# Teenage Alien Ninja Turtles!?!?!?!?



## TheDivineWing22 (Mar 19, 2012)

How could Michael Bay do this? 

The turtles are ALIENS??? I already hated Michael Bay, but this is just taking things to a new extreme. He already screwed up Transformers.


----------



## The Reverend (Mar 19, 2012)

He's got a vendetta against 80s cartoons, he said so.


----------



## leandroab (Mar 19, 2012)

This blows! ahahhaha


----------



## iRaiseTheDead (Mar 19, 2012)

The hell...


----------



## highlordmugfug (Mar 19, 2012)

The Reverend said:


> He's got a vendetta against 80s cartoons, he said so.

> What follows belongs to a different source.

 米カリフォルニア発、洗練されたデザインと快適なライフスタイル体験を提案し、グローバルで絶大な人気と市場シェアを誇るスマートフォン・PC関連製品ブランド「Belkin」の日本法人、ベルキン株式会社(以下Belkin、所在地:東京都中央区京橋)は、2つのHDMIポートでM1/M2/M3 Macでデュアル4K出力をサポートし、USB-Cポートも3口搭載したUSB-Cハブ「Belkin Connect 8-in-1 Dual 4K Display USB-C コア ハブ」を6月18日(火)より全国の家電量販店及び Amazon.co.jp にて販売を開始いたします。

Link to a quote or interview please?

Not that I'm doubting you, I just wanted to read it.


----------



## Demiurge (Mar 19, 2012)

I dunno... I think that the original origin story really didn't need to be fixed, unless Michael Bay thinks that the mutagen exposure thing smacks of an environmentalist allegory that will alienate the middle-America demographic.


----------



## Bloody_Inferno (Mar 19, 2012)

This is very very wrong. 

EDIT: Yes I'm aware of their more dark violent comic origins of the Turtles, but I was raised with 80s cartoons so I'm drawing the line with Michael Bay's abomination.


----------



## Rick (Mar 20, 2012)

Yeah, I'm not seeing this. I'll stick to the originals, thanks.


----------



## broj15 (Mar 20, 2012)

He should be arrested for raping my childhood.


----------



## Fiction (Mar 20, 2012)




----------



## habicore_5150 (Mar 20, 2012)

Rick said:


> Yeah, I'm not seeing this. I'll stick to the originals, thanks.

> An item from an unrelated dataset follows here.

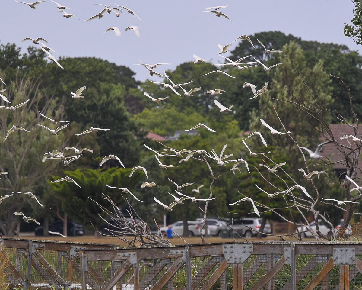 The highlight of the hour or so was several Great Crested Grebes. And we did spend quite a bit of time photographing insane Corellas as they flew about in large, super-noisy flocks. I’ve never been sure as to what puts them into a frenzy, but once started its self-multiplying and they just keep going until everyone runs out of energy.

i second, third, fourth, and infinity this

i like the original ninja turtles
i think i still have a couple of the older episodes on VHS (yes, ancient technology these days) as well as a set of ninja turtles window shades

guess Mr. Bay has given me another reason as to why i don't watch a lot of movies this generation

and so help me if he tries this with any of the other classic 'toons like Thundercats, Swat Kats, Earthworm Jim, He-Man, and a lot of others i cant think of at the moment


----------



## petereanima (Mar 20, 2012)

If I should ever meet Michael Bay in person, I will punch him in his face. With a sledgehammer.


----------



## Michael T (Mar 20, 2012)

This is fucked up. I mean what the Hell, why rape TMNT like this. Just create a whole new spin off or make them from another dimension or such, but don't do away with the ooze dude !! WTF


----------



## Fred the Shred (Mar 20, 2012)

You do NOT fuck with the TMNT storyline. You just don't.


----------



## Bloody_Inferno (Mar 20, 2012)

Michael Bay Signs $50M Deal To Fuck Up 'ThunderCats' | The Onion - America's Finest News Source

Gold.


----------



## Dark Aegis (Mar 21, 2012)

habicore_5150 said:


> and so help me if he tries this with any of the other classic 'toons like Thundercats, Swat Kats, Earthworm Jim, He-Man, and a lot of others i cant think of at the moment




Oh man swat kats, I used to love that show. And how can you totally change how the turtles began.


----------



## MFB (Mar 22, 2012)

The thing that annoys me the most is that IDW's newest launch of TMNT re-wrote their origins (it's VERY realistic and plausible) and instead of adapting that, he chose ALIENS? C'mon.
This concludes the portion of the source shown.